X_train, X_test, Y_train, Y_test = train_test_split(X, Y, test_size=0.2, random_state=42)

#### **Implementing Convolution model :**

**Defining model :**

In [None]:
model = Sequential()
model.add(Reshape((21,5,1), input_shape=(105,)))
model.add(Conv2D(16, (5,5), padding='same', activation='relu'))
model.add(BatchNormalization())
model.add(AveragePooling2D(pool_size=(2,2)))
model.add(Dropout(0.5))
model.add(Conv2D(4, (5,5), padding='same', activation='relu'))
model.add(BatchNormalization())
model.add(AveragePooling2D(pool_size=(2,2)))
model.add(Dropout(0.5))
model.add(Flatten())
model.add(Dense(2, activation='softmax'))

**Compiling Model :**

In [None]:
model.compile(loss='sparse_categorical_crossentropy', optimizer='adam', metrics=['accuracy'])
model.summary()

In [None]:
history = model.fit(X_train, Y_train, batch_size=32, epochs=250, validation_split=0.2, shuffle=True)

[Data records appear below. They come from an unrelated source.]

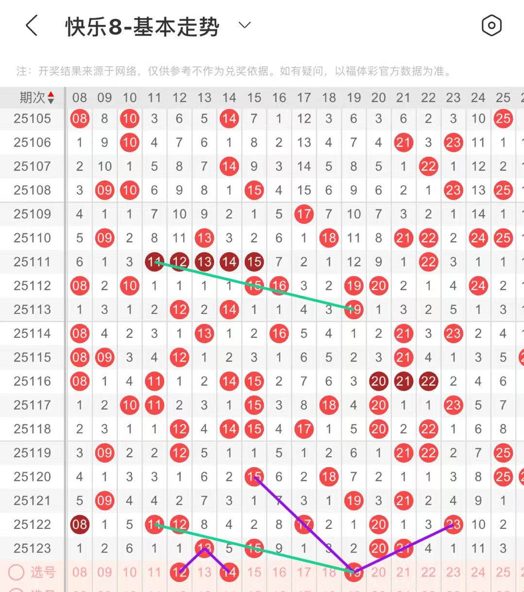 11-20区:本区间上期开出了三个号码,从号码走势图上看,该区现属于温热区,本期看好该区号码持续回补,出号个数应该在三个号码左右。重点关注前半区号码回补。本期有出号走势的号码有12.14号,直接做分边出号考虑,19号,多重走势出号。
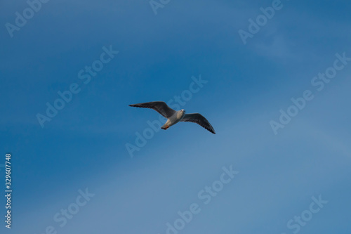 Obraz premium Seagull bird flight on a marine.
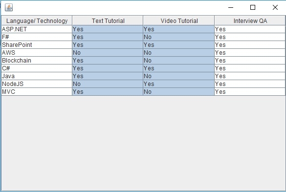 tableModel.addRow(new Object[] { "Blockchain", "Yes", "No", "Yes"});
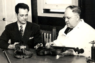 Determined to perfect the tone, he ordered from a New York City music house some old, seasoned European spruce, salvaged from destroyed houses more than a hundred years old. This was the true Tyrolean spruce of the same type used by the Cremona masters. The salvaged spruce came from a time period in which weather conditions made the wood denser than what is found today. Also, spruce from the Tyrolean Mountains in Europe is a different variety than American spruce. It does not have pitch in its fibers, so when it ages, the wood cells remain pure. It then resonates without hindrance. The first violin he made from this European spruce was excellent. It took about seven months to make it with great care. Instead of making the outside of the belly first and then calipering the inside, he determined that Stradivarius must have laid out the inside first with a flat center, and then shaped the outside with those tools to draw down the measurements to give the proper pitches when holding the node points and striking the belly. No two instruments were alike, because every piece of wood was different. He did the same with the maple back and then assembled the ribs and purfling, set the neck, and varnished it with ten coats, all hand-rubbed. They looked beautiful and had a truly wonderful tone quality. He made one for each of his sons and daughters (including the in-laws), for most of his grandchildren, one for Professor Arcule Sheesby at Northwestern University in Evanston, Illinois, and for others. He made about eighteen in all.

**Analysing training vs validation curves for accuacy and loss :**

In [None]:
plt.plot(history.history['accuracy'], label='accuracy')
plt.plot(history.history['val_accuracy'], label = 'val_accuracy')
plt.xlabel('Epoch')
plt.ylabel('Accuracy')
plt.legend(loc='lower right')
plt.show()

In [None]:
plt.plot(history.history['loss'], label='loss')
plt.plot(history.history['val_loss'], label = 'val_loss')
plt.xlabel('Epoch')
plt.ylabel('Loss')
plt.legend(loc='lower right')
plt.show()

**Evaluating model :**

In [None]:
model.evaluate(X_test, Y_test)

In [None]:
y_hat = model.predict(X_test)
y_hat = np.argmax(y_hat, axis=1)

print(y_hat == Y_test,'\n')

acc = accuracy_score(Y_test, y_hat)
prec = precision_score(Y_test, y_hat)
rec = recall_score(Y_test, y_hat)
f1 = f1_score(Y_test, y_hat)
con = confusion_matrix(Y_test, y_hat)

print(f'Accuracy: {acc}\nPrecision: {prec}\nRecall: {rec}\nF1: {f1}\nConfusion Matrix: \n{con}')

# RESULTS

1. With Respect to Data

    * Upon analysing the PSD trends of two classes, it is observed that the PSD curve of class 2 (task) is noisy.

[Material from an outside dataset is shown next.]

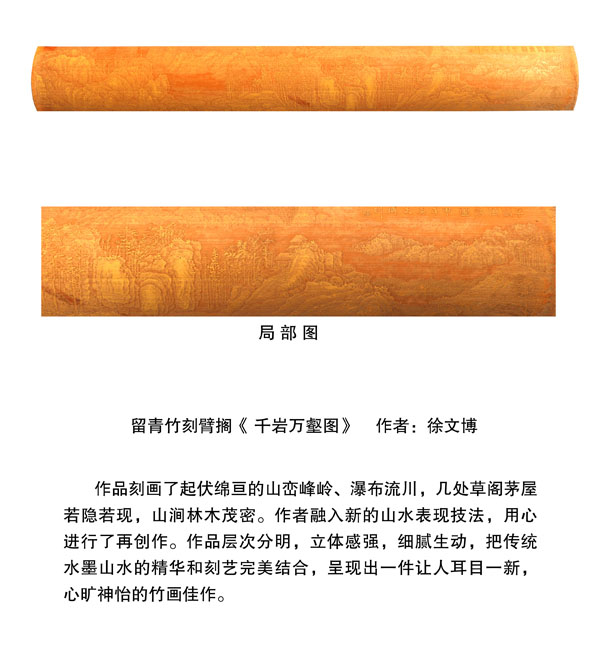 徐博(藝名文博),1973年生,江蘇武進(jìn)人,江蘇省省名人,高級(jí)工藝美術(shù)師,常州市留青竹刻非遺傳承人,常州工藝美術(shù)家協(xié)會(huì)理事,被譽(yù)為當(dāng)今中國(guó)最具創(chuàng)新意識(shí)的新銳竹刻家代表,多次獲得國(guó)家工藝美術(shù)大獎(jiǎng)?釔(ài)留青竹刻的徐文博賞竹為樂(lè),以竹詠志,借竹抒懷,悉心探索留青竹刻的藝術(shù)表現(xiàn)。在中國(guó)工藝美術(shù)大師蕭劍波的精心指導(dǎo)下,開(kāi)創(chuàng)留青水墨山水之技法,更好的體現(xiàn)了竹刻淡雅清秀的藝術(shù)風(fēng)格,并不斷汲取書(shū)畫(huà)、攝影、雕塑等藝術(shù)精華,不斷滋養(yǎng)藝術(shù)情趣,提升擴(kuò)展胸襟人格的同時(shí)也逐步形成了其形神兼?zhèn)洌搶?shí)相生,氣韻生動(dòng)的藝術(shù)特點(diǎn),作品為眾多的國(guó)內(nèi)外收藏家珍藏。

    * Upon analysing the bandwise PSD and comparing bandwise PSDs of two classes, we observe that the ALPHA, THETA and DELTA bands fluctuate more than other bands.

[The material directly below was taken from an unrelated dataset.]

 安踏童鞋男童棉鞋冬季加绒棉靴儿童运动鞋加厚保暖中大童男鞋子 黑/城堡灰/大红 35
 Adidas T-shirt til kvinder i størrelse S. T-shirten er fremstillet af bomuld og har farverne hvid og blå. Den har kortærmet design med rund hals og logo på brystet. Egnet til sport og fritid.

    * The above inference brings up to conclusion that these bands are sensitive to change of state (0 -> 1).

    * Analysing the visualisations of difference between the bandwise PSDs we observe lot of fluctuations in data of 21st channel.

2. With Respect to Models Trained

    * The EEGNET model trains well in short span of time with training accuracy up to 65% and validation accuracy of about 45%.

    * The TSCeption model also performs similarly.

    * The much simplar CNN used gives output simliar to the previous models.

    * both the models are observed to have given the same scores,

    accuracy_score = 0.333333
    precision_score = 0.333333
    f1_score = 0.5
    confusion_matrix = [[0 , 10],
                        [0 , 5 ]]

3. With Respect to Model Evaluation

    * Upon close inspection of model traing history, we observe that the models are overfitting and hence doesnt generalise properly.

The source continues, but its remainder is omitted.